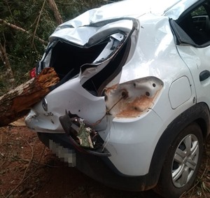 Ficou constatado que após o incidente, a árvore permaneceu travada sobre a parte traseira do automóvel destruíndo completamente a tampa da parte traseira onde se encontra o porta-malas.
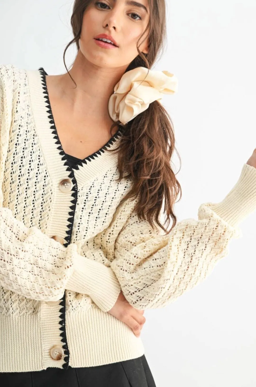 Wrap yourself in effortless comfort with the Florence Cardigan, your new favorite layering piece. This oversized sweater drapes beautifully in creamy neutral tones, perfect for those days when you want to feel cozy without trying too hard. Sharp black contrast details add just the right amount of edge to keep things interesting.
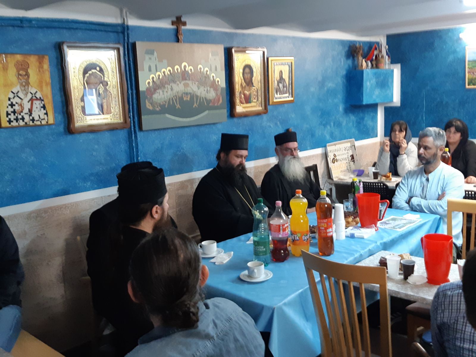 После Литургије је уприличена трпеза љубави током које је Владика одговарао на питања верника везана углавном за актуелну ситуацију у свету.
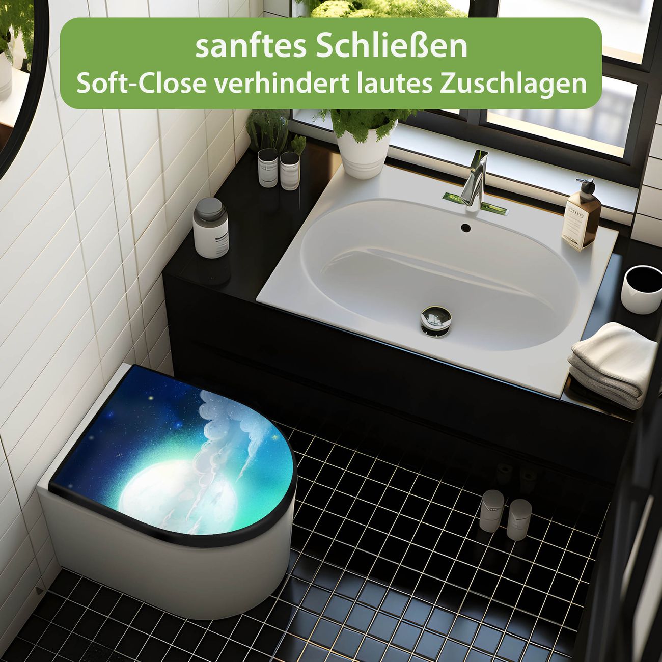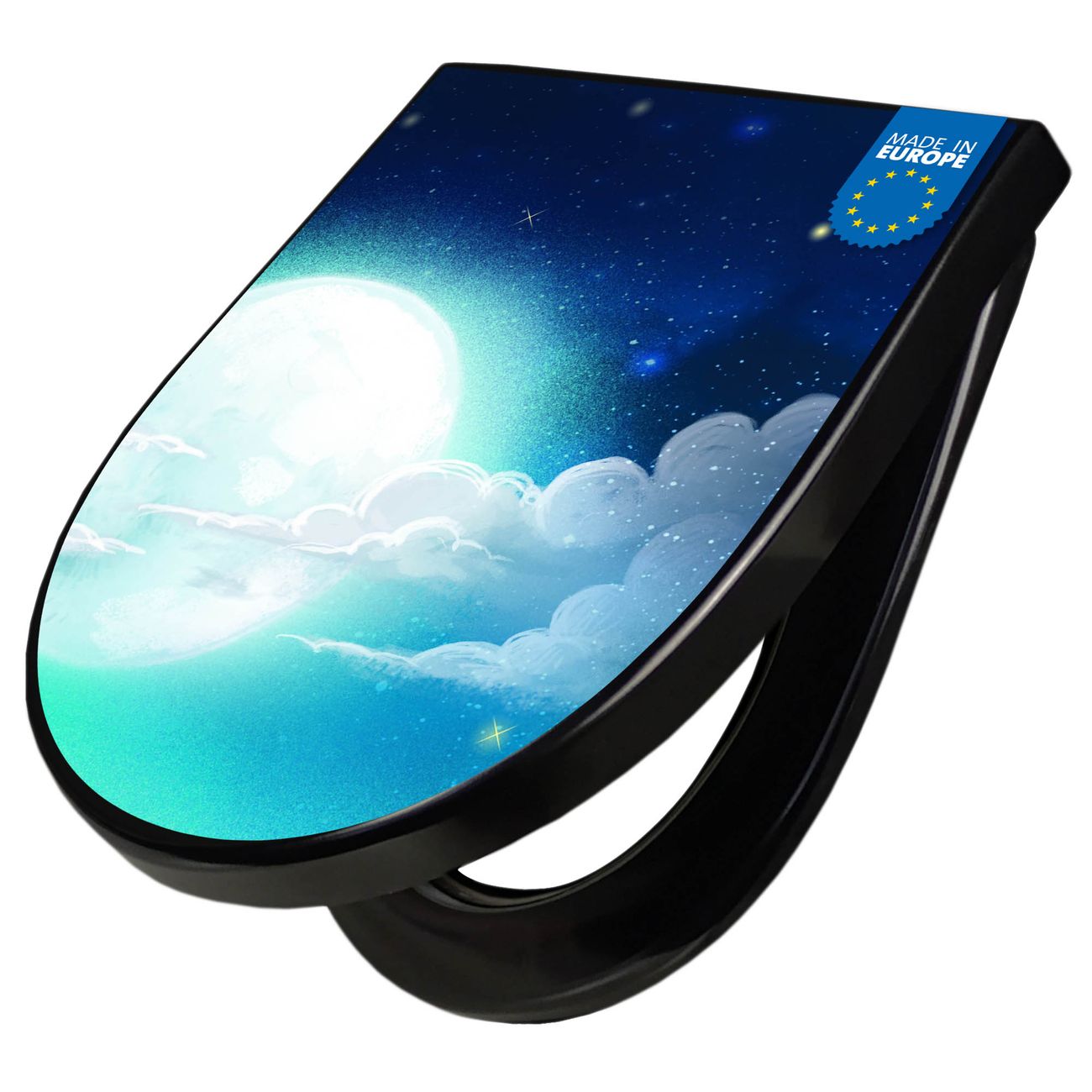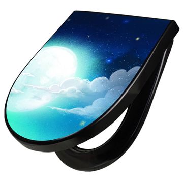 WC Sitz D-Form Schwarz mit Absenkautomatik Motiv Nachthimmel 1
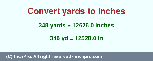 Results conversion 348 yards into inches. 348 yards to "in" is equal to 12528.0 inches.
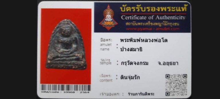 บัตรที่ผ่านการรับรองไม่มีหมวดหมู่ พระพิมพ์หลวงพ่อโตปางสมาธิ กรุวัดจงกรม จ.อยุธยา เจ้าของพระ ร้านการันตีพระ รหัสบัตร 10968 – 2564
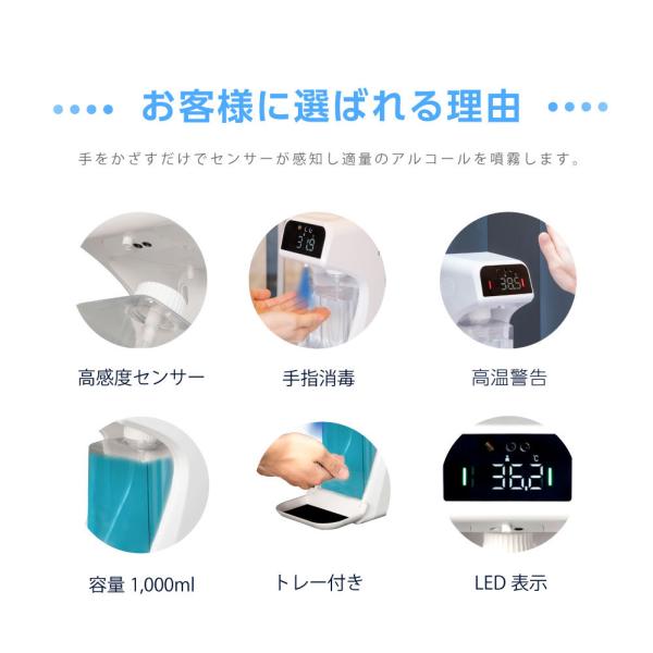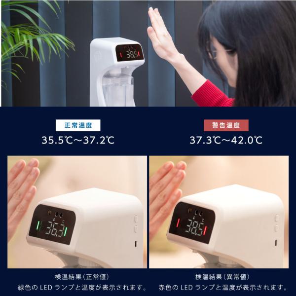 【商品の強み】赤外線センサーで即時に反応どこでも手をかざすだけで即反応、液を噴射します。どこにも触れないので、安心できます。赤外線感知距離5cm〜10cmで反応し、0.5秒でに液を噴出、手に擦り込むことができます。さらに、わずか1秒で体表温度を測定することが可能なので、感染リスクを効果的に防ぎます。

## Exercise details
Above are the records; repeat them exactly, omitting every picture.

## Solution for this problem
 Ficou constatado que após o incidente, a árvore permaneceu travada sobre a parte traseira do automóvel destruíndo completamente a tampa da parte traseira onde se encontra o porta-malas.
 Wrap yourself in effortless comfort with the Florence Cardigan, your new favorite layering piece. This oversized sweater drapes beautifully in creamy neutral tones, perfect for those days when you want to feel cozy without trying too hard. Sharp black contrast details add just the right amount of edge to keep things interesting.
 После Литургије је уприличена трпеза љубави током које је Владика одговарао на питања верника везана углавном за актуелну ситуацију у свету.
 WC Sitz D-Form Schwarz mit Absenkautomatik Motiv Nachthimmel 1
 Results conversion 348 yards into inches. 348 yards to "in" is equal to 12528.0 inches.
 บัตรที่ผ่านการรับรองไม่มีหมวดหมู่ พระพิมพ์หลวงพ่อโตปางสมาธิ กรุวัดจงกรม จ.อยุธยา เจ้าของพระ ร้านการันตีพระ รหัสบัตร 10968 – 2564
 【商品の強み】赤外線センサーで即時に反応どこでも手をかざすだけで即反応、液を噴射します。どこにも触れないので、安心できます。赤外線感知距離5cm〜10cmで反応し、0.5秒でに液を噴出、手に擦り込むことができます。さらに、わずか1秒で体表温度を測定することが可能なので、感染リスクを効果的に防ぎます。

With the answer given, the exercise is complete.